- [Task to complete]: All lines in the records below with the word "from" must be returned.
(Dataset records)
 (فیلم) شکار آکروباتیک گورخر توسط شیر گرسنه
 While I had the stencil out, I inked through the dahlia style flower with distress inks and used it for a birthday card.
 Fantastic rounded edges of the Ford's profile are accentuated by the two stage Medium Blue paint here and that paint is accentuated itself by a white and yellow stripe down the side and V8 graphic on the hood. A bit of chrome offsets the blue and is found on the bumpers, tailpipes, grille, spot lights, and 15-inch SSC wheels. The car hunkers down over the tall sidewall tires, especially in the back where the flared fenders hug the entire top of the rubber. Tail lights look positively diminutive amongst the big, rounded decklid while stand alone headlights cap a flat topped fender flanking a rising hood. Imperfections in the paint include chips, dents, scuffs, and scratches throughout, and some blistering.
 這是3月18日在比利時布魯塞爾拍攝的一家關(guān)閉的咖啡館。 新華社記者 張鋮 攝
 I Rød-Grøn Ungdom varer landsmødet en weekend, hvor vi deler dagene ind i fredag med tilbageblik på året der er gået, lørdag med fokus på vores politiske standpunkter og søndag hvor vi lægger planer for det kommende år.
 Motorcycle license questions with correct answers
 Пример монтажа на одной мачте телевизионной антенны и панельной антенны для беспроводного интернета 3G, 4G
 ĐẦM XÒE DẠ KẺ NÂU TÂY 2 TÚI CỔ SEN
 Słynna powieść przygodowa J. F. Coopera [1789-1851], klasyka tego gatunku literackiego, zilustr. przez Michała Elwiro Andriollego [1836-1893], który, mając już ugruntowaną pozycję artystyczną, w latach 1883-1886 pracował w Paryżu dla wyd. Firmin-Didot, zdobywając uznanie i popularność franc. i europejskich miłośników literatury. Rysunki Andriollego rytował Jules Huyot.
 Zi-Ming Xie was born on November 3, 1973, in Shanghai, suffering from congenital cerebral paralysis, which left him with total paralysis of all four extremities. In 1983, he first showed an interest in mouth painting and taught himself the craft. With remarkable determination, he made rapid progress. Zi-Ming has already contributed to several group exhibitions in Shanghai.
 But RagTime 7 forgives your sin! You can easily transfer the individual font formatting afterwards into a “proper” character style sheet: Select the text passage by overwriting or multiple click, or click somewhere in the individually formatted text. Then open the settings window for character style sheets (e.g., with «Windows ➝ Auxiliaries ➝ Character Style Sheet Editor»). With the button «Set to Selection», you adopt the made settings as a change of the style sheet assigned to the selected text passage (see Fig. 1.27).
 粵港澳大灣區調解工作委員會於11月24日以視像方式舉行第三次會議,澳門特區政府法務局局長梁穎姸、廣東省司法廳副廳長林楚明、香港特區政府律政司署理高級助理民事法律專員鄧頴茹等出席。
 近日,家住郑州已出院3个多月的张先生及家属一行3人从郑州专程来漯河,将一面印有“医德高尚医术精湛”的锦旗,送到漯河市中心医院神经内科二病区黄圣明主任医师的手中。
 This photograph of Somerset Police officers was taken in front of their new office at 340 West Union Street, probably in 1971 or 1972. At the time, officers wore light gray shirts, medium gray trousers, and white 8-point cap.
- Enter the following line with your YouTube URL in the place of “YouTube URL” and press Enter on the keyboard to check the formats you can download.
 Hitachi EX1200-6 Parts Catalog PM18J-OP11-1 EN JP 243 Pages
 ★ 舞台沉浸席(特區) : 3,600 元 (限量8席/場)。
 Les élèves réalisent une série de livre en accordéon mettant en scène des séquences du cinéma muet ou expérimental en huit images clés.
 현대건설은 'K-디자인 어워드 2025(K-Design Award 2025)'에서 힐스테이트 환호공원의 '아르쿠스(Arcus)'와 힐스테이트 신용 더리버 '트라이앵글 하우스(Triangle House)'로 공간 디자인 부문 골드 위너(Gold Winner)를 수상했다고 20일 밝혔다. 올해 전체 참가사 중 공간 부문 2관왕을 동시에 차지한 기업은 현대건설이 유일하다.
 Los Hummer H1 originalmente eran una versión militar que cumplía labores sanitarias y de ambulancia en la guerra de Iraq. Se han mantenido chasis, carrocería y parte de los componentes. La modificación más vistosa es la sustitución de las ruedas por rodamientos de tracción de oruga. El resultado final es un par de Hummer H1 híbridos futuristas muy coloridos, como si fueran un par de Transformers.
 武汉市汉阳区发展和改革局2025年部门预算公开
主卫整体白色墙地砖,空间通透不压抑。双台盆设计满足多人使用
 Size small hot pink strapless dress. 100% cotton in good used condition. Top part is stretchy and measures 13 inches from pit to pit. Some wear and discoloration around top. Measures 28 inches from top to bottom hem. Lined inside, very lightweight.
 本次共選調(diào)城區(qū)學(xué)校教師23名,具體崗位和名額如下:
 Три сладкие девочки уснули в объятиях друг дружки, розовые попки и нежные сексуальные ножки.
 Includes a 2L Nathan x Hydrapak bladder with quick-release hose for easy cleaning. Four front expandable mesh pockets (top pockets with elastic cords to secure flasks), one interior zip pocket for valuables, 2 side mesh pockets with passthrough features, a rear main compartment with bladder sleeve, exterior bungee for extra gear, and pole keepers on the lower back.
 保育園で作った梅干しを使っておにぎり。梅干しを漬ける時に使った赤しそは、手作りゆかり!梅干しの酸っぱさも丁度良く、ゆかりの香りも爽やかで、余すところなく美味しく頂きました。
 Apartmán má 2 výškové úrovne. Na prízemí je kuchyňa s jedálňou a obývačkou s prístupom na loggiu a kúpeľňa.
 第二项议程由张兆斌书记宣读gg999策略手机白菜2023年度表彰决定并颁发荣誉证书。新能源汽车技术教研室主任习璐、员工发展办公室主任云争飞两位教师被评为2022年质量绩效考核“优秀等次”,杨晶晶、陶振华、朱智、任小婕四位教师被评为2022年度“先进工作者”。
(End Dataset records)
- [Result for this exercise]:
 Zi-Ming Xie was born on November 3, 1973, in Shanghai, suffering from congenital cerebral paralysis, which left him with total paralysis of all four extremities. In 1983, he first showed an interest in mouth painting and taught himself the craft. With remarkable determination, he made rapid progress. Zi-Ming has already contributed to several group exhibitions in Shanghai.
 Size small hot pink strapless dress. 100% cotton in good used condition. Top part is stretchy and measures 13 inches from pit to pit. Some wear and discoloration around top. Measures 28 inches from top to bottom hem. Lined inside, very lightweight.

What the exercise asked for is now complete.